§ **Exercise directions**
In the data below, locate the line containing "위임받은 FilterChainProxy에서 getFilter로" and the line containing "With that, he", then retype both and everything between them exactly. Pictures are not part of the copy.

§ **The data**
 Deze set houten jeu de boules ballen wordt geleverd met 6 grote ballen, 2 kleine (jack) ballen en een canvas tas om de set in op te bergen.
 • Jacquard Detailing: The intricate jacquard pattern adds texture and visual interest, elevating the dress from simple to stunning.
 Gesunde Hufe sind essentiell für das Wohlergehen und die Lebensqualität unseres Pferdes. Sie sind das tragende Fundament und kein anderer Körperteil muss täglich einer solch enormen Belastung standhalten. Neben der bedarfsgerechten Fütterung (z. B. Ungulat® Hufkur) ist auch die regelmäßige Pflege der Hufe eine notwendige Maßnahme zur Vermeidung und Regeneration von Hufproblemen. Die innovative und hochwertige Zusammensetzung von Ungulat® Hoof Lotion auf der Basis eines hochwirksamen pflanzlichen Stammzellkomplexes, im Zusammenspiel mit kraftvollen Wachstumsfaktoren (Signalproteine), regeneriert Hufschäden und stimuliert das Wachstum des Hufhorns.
...
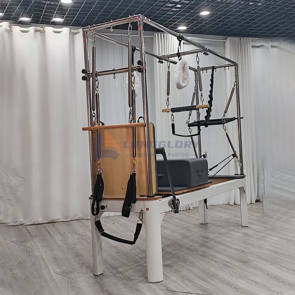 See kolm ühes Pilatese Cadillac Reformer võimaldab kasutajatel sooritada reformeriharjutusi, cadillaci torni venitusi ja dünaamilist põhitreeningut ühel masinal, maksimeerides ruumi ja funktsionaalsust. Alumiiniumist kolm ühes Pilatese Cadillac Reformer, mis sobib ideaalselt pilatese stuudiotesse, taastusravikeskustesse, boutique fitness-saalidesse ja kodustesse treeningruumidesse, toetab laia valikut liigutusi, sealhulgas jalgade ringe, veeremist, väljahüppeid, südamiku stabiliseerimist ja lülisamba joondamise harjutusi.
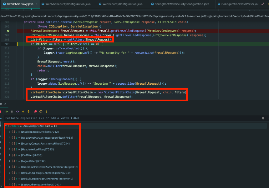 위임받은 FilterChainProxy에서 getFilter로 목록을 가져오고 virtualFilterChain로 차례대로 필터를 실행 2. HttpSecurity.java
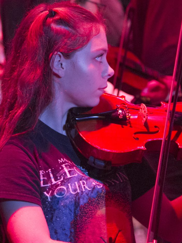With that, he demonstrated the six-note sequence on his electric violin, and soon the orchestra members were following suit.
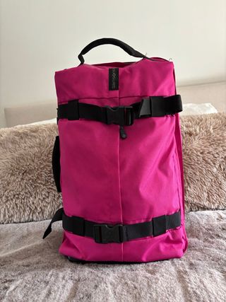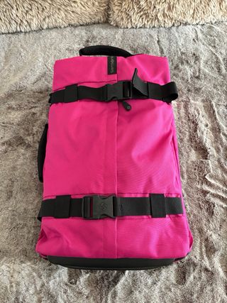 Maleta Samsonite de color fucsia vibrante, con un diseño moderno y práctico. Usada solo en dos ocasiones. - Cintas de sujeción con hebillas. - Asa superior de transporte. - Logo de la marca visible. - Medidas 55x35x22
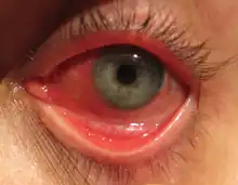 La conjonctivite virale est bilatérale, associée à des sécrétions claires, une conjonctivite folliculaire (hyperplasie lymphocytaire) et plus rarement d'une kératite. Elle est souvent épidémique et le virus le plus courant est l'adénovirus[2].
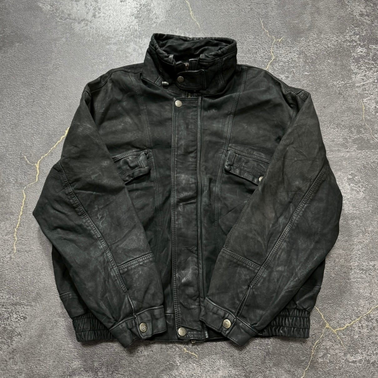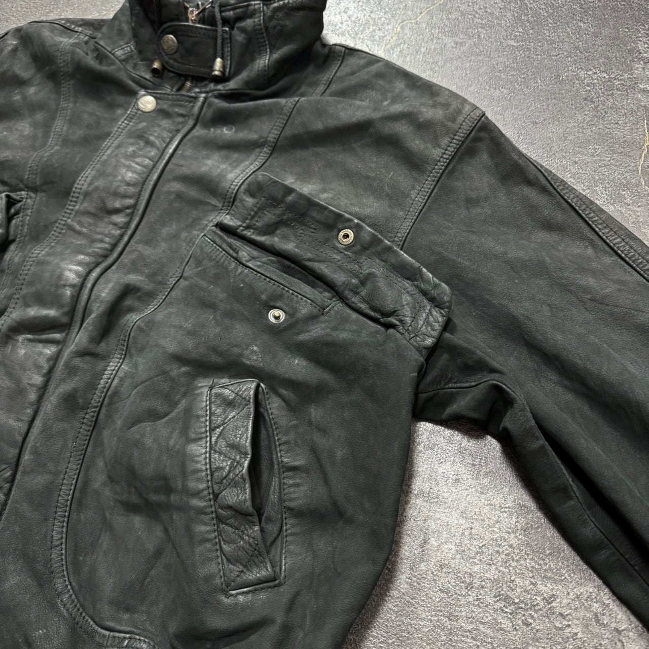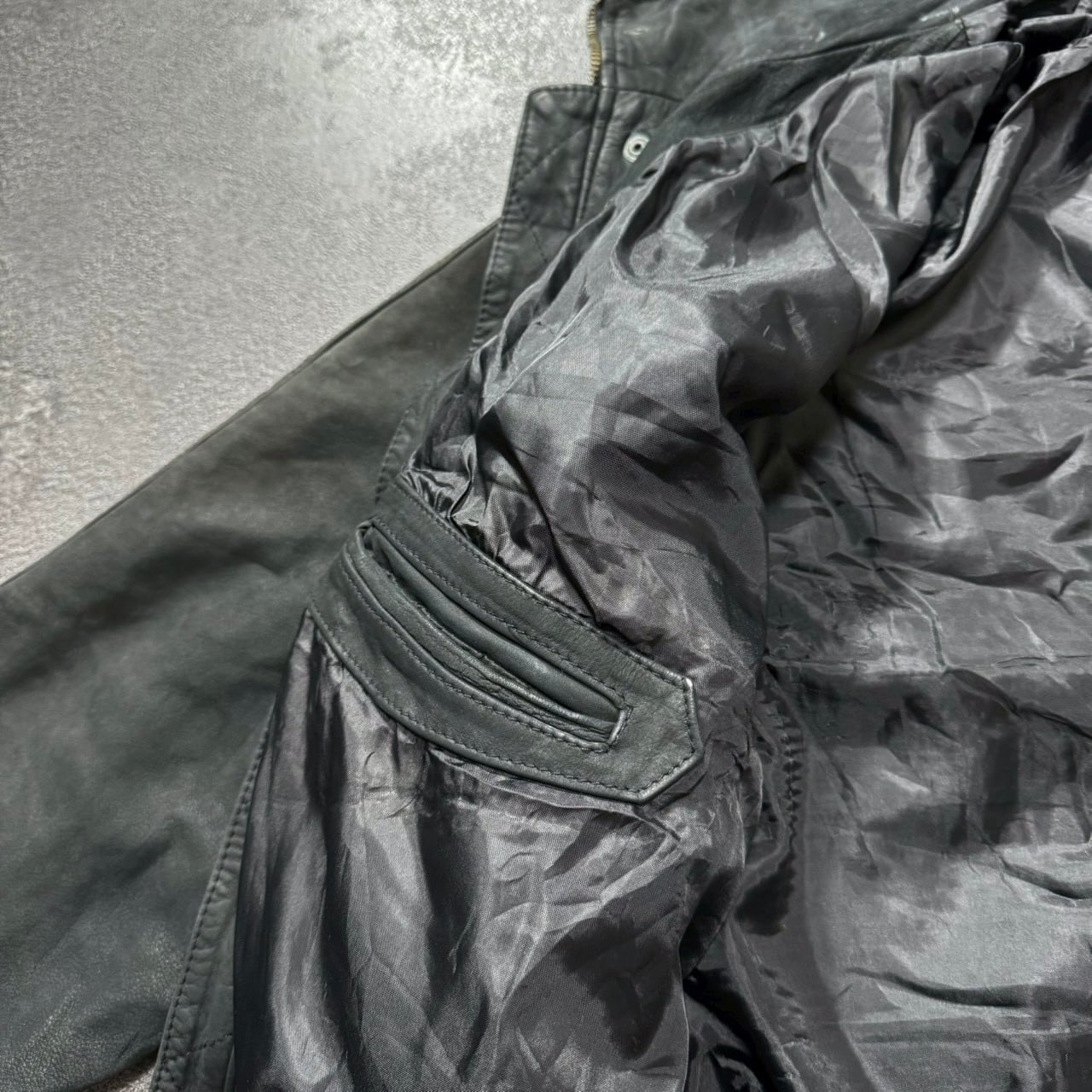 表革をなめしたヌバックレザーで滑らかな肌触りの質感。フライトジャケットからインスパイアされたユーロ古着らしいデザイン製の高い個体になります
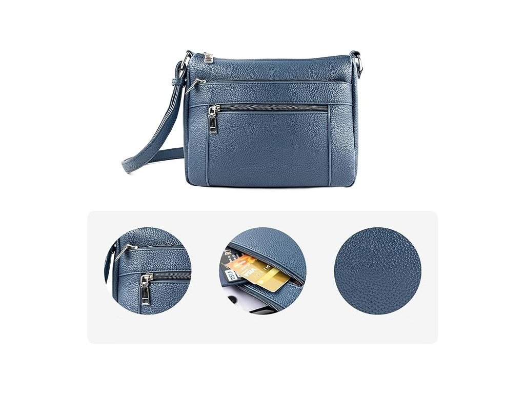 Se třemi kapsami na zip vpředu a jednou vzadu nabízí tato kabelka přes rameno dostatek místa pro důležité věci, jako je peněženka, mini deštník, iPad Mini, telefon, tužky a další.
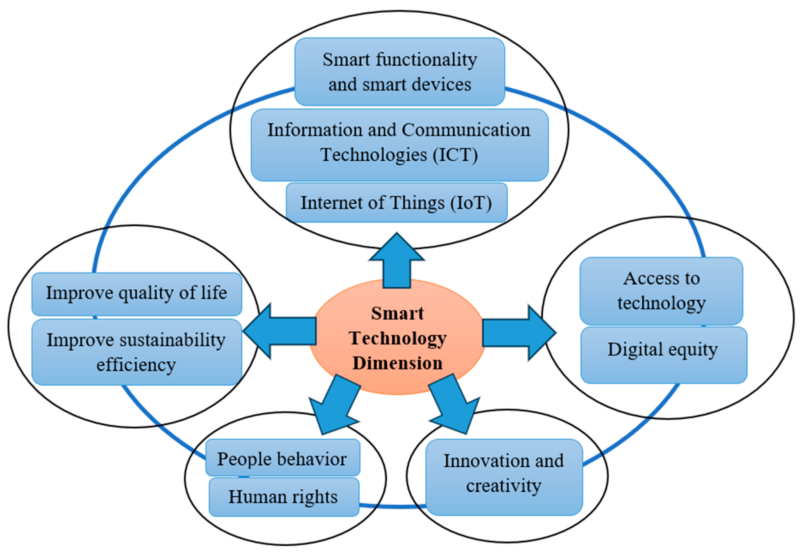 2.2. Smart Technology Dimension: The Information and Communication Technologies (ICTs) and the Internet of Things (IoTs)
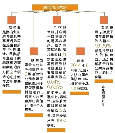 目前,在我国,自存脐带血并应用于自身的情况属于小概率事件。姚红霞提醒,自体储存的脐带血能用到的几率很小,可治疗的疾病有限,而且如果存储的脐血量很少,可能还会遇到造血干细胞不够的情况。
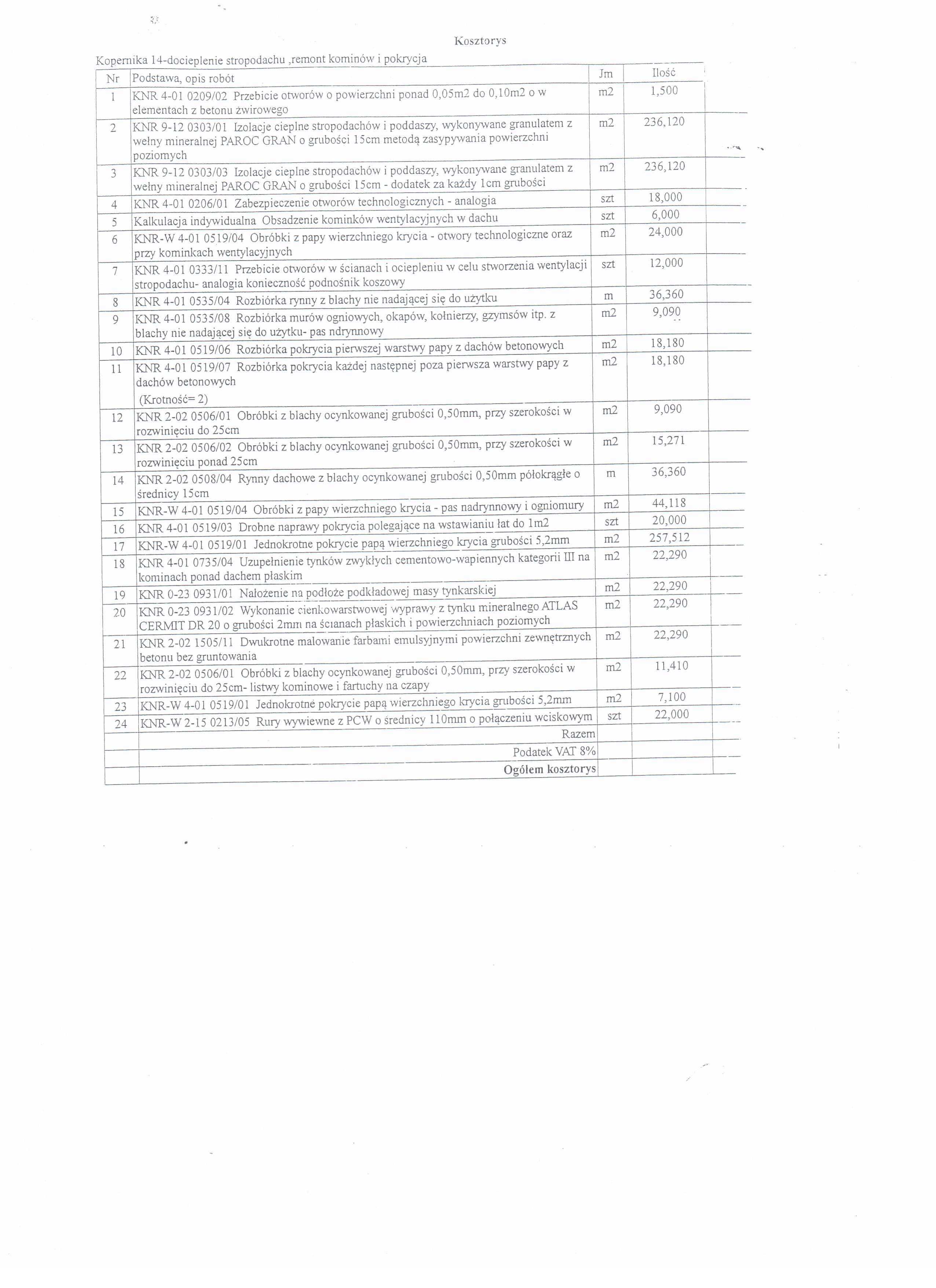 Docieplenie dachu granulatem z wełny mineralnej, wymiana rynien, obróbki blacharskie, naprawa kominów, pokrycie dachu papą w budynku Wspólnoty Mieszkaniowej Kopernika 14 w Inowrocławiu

§ **The answer**
 위임받은 FilterChainProxy에서 getFilter로 목록을 가져오고 virtualFilterChain로 차례대로 필터를 실행 2. HttpSecurity.java
With that, he demonstrated the six-note sequence on his electric violin, and soon the orchestra members were following suit.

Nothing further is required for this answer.